Type design is the art and process of designing typefaces. This involves drawing each letterform using a consistent style. The basic concepts and design variables are described below.

A typeface differs from other modes of graphic production such as handwriting and drawing in that it is a fixed set of alphanumeric characters with specific characteristics to be used repetitively. Historically, these were physical elements, called sorts, placed in a wooden frame; modern typefaces are stored and used electronically. It is the art of a type designer to develop a pleasing and functional typeface. In contrast, it is the task of the typographer (or typesetter) to lay out a page using a typeface that is appropriate to the work to be printed or displayed.

History 
The technology of printing text using movable type was invented in China, but the vast number of Chinese characters, and the esteem with which calligraphy was held, meant that few distinctive, complete typefaces were created in China in the early centuries of printing.

Gutenberg's most important innovation in the mid 15th century development of his press was not the printing itself, but the casting of Latinate types. Unlike Chinese characters, which are based on a uniform square area, European Latin characters vary in width, from the very wide "M" to the slender "l". Gutenberg developed an adjustable mold which could accommodate an infinite variety of widths. From then until at least 400 years later, type started with cutting punches, which would be struck into a brass "matrix". The matrix was inserted into the bottom of the adjustable meld and the negative space formed by the mold cavity plus the matrix acted as the master for each letter that was cast. The casting material was an alloy usually containing lead, which had a low melting point, cooled readily, and could be easily filed and finished. In those early days, type design had to not only imitate the familiar handwritten forms common to readers, but also account for the limitations of the printing process, such as the rough papers of uneven thicknesses, the squeezing or splashing properties of the ink, and the eventual wear on the type itself.

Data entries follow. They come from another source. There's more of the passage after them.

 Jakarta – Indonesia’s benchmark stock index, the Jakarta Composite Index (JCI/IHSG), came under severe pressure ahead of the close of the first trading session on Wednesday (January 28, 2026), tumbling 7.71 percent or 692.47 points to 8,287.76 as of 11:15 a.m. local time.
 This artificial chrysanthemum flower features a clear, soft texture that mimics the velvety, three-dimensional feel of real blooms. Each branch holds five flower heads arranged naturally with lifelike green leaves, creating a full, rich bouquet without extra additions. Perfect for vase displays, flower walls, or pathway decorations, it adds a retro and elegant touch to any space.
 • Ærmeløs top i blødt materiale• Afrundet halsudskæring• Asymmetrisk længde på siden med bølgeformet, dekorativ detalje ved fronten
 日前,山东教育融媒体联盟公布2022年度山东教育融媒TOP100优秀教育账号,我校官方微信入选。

Beginning in the 1890s, each character was drawn in a very large size for the American Type Founders Corporation and a few others using their technology—over a foot (30 cm) high. The outline was then traced by a Benton pantograph-based engraving machine with a pointer at the hand-held vertex and a cutting tool at the opposite vertex down to a size usually less than a quarter-inch (6 mm). The pantographic engraver was first used to cut punches, and later to directly create matrices.

In the late 1960s through the 1980s, typesetting moved from metal to photo composition. During this time, type design made a similar transition from physical matrixes to hand drawn letters on vellum or mylar and then the precise cutting of "rubyliths". Rubylith was a common material in the printing trade, in which a red transparent film, very soft and pliable, was bonded to a supporting clear acetate. Placing the ruby over the master drawing of the letter, the craftsman would gently and precisely cut through the upper film and peel the non-image portions away. The resulting letterform, now existing as the remaining red material still adhering to the clear substrate, would then be ready to be photographed using a reproduction camera.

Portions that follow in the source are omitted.